Troubleshooting guide organization:

  troubleshooting/
    api-server.md
    worker-service.md
    database.md
    cache.md
    message-queue.md
    cross-service.md        (for issues spanning services)
    external-dependencies.md (for third-party service issues)

Index by Symptom

Create an index page that maps symptoms to the relevant guide and section.

Symptom index:

  API returning 500         -> api-server.md#500-errors
  API returning 502/503     -> api-server.md#502-503-errors
  API latency high          -> api-server.md#high-latency
  Jobs not processing       -> worker-service.md#stuck-jobs
  Database connections full  -> database.md#connection-exhaustion
  Cache miss rate high      -> cache.md#high-miss-rate
  Messages not delivered    -> message-queue.md#delivery-failure
  Login failing             -> cross-service.md#auth-failure

This index is the entry point. The on-call engineer looks up their symptom, clicks the link, and lands directly on the relevant decision tree.

Writing Guides from Incidents

The best troubleshooting guides are written from real incidents. After every incident, ask: "Could we write a troubleshooting section that would have helped us find this faster?"

Post-incident troubleshooting update process:

  1. During the postmortem, identify:
     - What symptom did we observe first?
     - What checks did we run?
     - What was the actual cause?
     - What command revealed the cause?

  2. Add or update the troubleshooting guide:
     - Add the symptom if it is not already listed
     - Add the diagnostic steps that worked
     - Add the resolution steps
     - Include the actual commands and outputs from the incident

  3. Review the new section:
     - Have someone who was not in the incident read it
     - Verify the commands work in staging
     - Merge within one week of the incident

What Real Incidents Teach You

What you learn from real incidents:
  - Which symptoms actually occur (not which ones you imagine)
  - Which commands actually reveal the problem
  - What the output actually looks like when things are broken
  - How long each diagnostic step takes
  - Which steps are dead ends and should be skipped

What you cannot learn from imagination:
  - All of the above

Troubleshooting guides written before any incidents are better than nothing, but they will be substantially rewritten after the first real failure. Accept this and iterate.

Common Pitfalls

Cause-based organization — organizing by root cause assumes the reader knows the root cause before they start troubleshooting. They do not. Organize by symptom.
Missing commands — "check the database connectivity" without the exact command to run.
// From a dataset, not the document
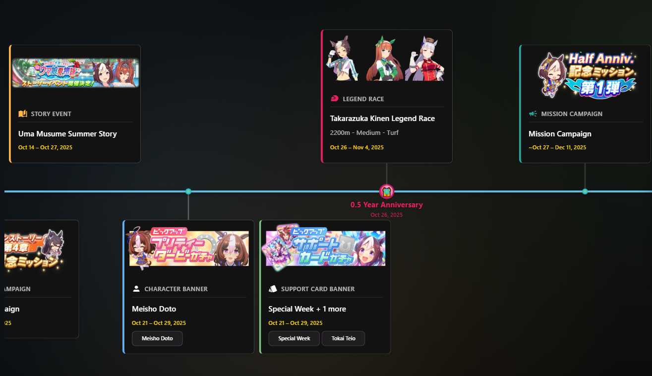 Timeline: https://uma.moe/timeline

At 3AM, "check" is not actionable. The command is actionable.
No expected output — providing the command but not showing what normal and abnormal output looks like. The reader cannot interpret results without a baseline.
Linear guides for branching problems — troubleshooting is a tree, not a list. If every reader follows every step in order, the guide is not structured correctly. Use explicit branch points.
Guides written from theory — documenting failure modes that seem likely rather than failure modes that have actually occurred. Start with real incidents and expand from there.
No index — the reader has a symptom and no idea which document to open. A symptom-to-guide index eliminates this search.
Stale commands — infrastructure changes but the troubleshooting guide still references the old tool, the old hostname, or the old metric name. Review guides after infrastructure changes.
Missing escalation points — the decision tree leads to a dead end with no resolution. Every branch must end with either a fix or a clear escalation: "If none of the above resolved the issue, page [team] at [contact]."

Key Takeaways

Organize by symptom, not by cause. The reader knows what they see, not what is wrong.
Structure as decision trees with explicit branches, not essays or linear lists.
Every check has four parts: the command, normal output, abnormal output, and what to do next.
Write troubleshooting guides from real incidents, not from imagination. Update them after every new incident.
Create a symptom index that maps observable problems to the right guide and section.
Every branch of the decision tree must end with a resolution or an escalation path. No dead ends.